■ **Data section**
----

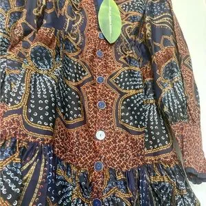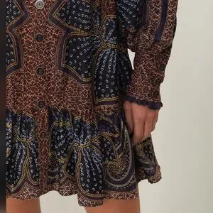 Chic long sleeve dress with vibrant paisley pattern. Features deep V-neck and ruffled hem. Perfect for stylish outings.
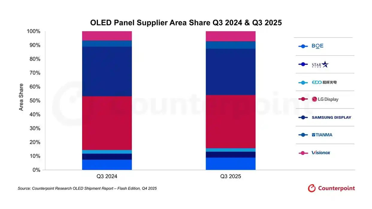 CounterPoint Research最新发布的报告显示,2025年第三季度,全球OLED面板出货量环比增长14%,同比增长5%。
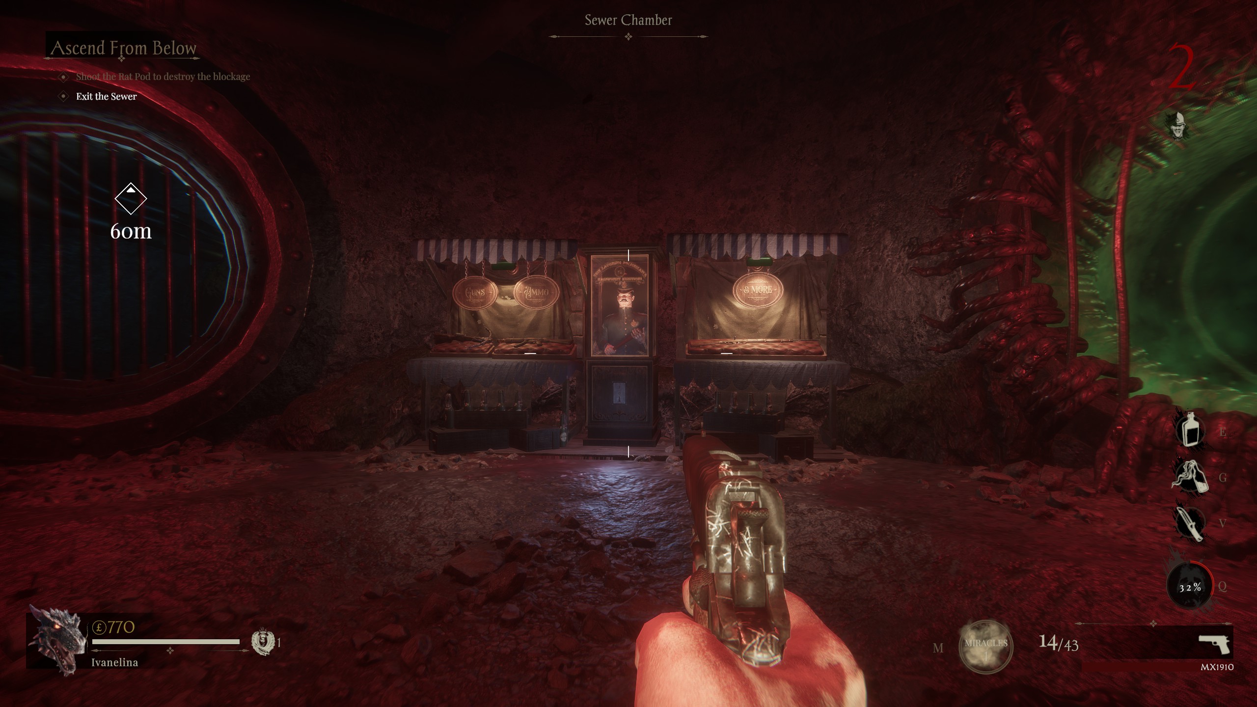 Pored pušaka i oružja za borbu na blizinu kao što je sjekira, imate pristup trima alatima, eliksiru za liječenje, molotovljevoj koktel bombi i moćnom specijalnom pokretu, koji svi imaju cooldown. Ti se alati mogu prilagođavati i nadograđivati u redovitim intervalima putem Miraclesa, koji nudi izbor između tri nasumično odabrana modifikatora. Ovisno o ponuđenim mogućnostima, možete pretvoriti svoj molotov u otrovnu bombu, dobiti pasivna pojačanja od vašeg eliksira, te dobiti vatreni AOE napad ili golema obrambena poboljšanja sa svojim specijalnim pokretom. Oružje u Sker Ritualu doista se ističe i imate mogućnost nadograditi ga kroz razne levele. Sačmarice, obični pištolji, samostrijel i razne puške osjećaju se snažno i učinkovito. Unatoč tome, iskustvo igranja Sker Rituala vrlo malo se može razlikovati između različitih sesija, čak i kada se radi o istim ciljevima priče.

----

■ **Exercise goal**
With the pictures omitted, the material is to be transcribed exactly.

■ **Solution**
 Chic long sleeve dress with vibrant paisley pattern. Features deep V-neck and ruffled hem. Perfect for stylish outings.
 CounterPoint Research最新发布的报告显示,2025年第三季度,全球OLED面板出货量环比增长14%,同比增长5%。
 Pored pušaka i oružja za borbu na blizinu kao što je sjekira, imate pristup trima alatima, eliksiru za liječenje, molotovljevoj koktel bombi i moćnom specijalnom pokretu, koji svi imaju cooldown. Ti se alati mogu prilagođavati i nadograđivati u redovitim intervalima putem Miraclesa, koji nudi izbor između tri nasumično odabrana modifikatora. Ovisno o ponuđenim mogućnostima, možete pretvoriti svoj molotov u otrovnu bombu, dobiti pasivna pojačanja od vašeg eliksira, te dobiti vatreni AOE napad ili golema obrambena poboljšanja sa svojim specijalnim pokretom. Oružje u Sker Ritualu doista se ističe i imate mogućnost nadograditi ga kroz razne levele. Sačmarice, obični pištolji, samostrijel i razne puške osjećaju se snažno i učinkovito. Unatoč tome, iskustvo igranja Sker Rituala vrlo malo se može razlikovati između različitih sesija, čak i kada se radi o istim ciljevima priče.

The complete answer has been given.